Hello my fellow atheists,

I am really struggling to tell my parents that I am an atheist. First of all I want to give you a short overview about my situation: I live in Vienna, Austria, in fact a very secular country. My parents and all my relatives are Roman catholic (that´s the biggest religious confession in Austria). My father is very religious and indoctrinated me over my whole childhood. My mother actually is not really religious but always claimed to be so. In my teenage years I started questioning the Christian believe and for my luck ended up becoming an atheist. When I left home and moved to Vienna I also left church and became an atheist formally. All my friends an all the people I am engaged with know I am an atheist except for my parents and most of my crazy Christian relatives.

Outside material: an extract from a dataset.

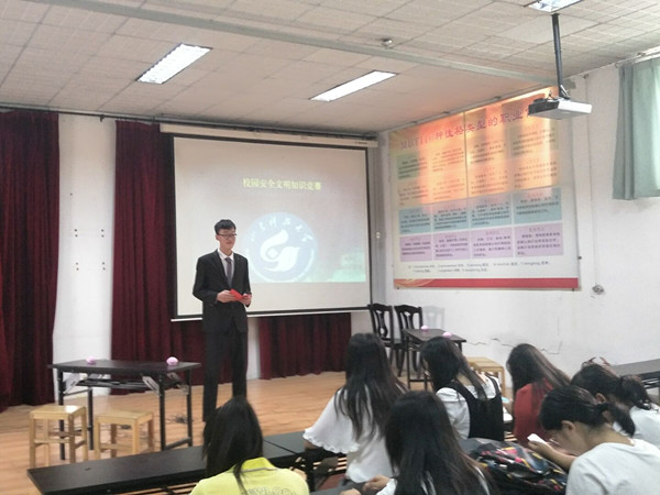 此次比赛共分单选题、多选抢答题和安全文明讲解三个环节,均围绕校园安全文明。第一环节中,各小组队员配合默契,积极答题,充分展现出大学生的智慧和风采;第二环节中,每队派出一名队员进行抢答,各队代表敏锐应答,不甘示弱,其精彩表现赢得台下阵阵喝彩声;第三环节中,各队纷纷围绕校园安全文明这一主题讲解视频,列举高校真实案例和典型案例,都在不同程度上强调了安全文明的重要意义。最后,经过激烈角逐,法学16-1班一队荣获一等奖。

So how would you recommend me to handle this situation? I don´t want to hide myself any more pretending to be religious, but I also don´t want to break with my parents. I don´t care so much about my other relatives, but although my relation to my parents is not that good I don´t want them to thing I was immoral and a bad person. I my mother wouldn´t make so many troubles, but my father would be very disappointed and offended.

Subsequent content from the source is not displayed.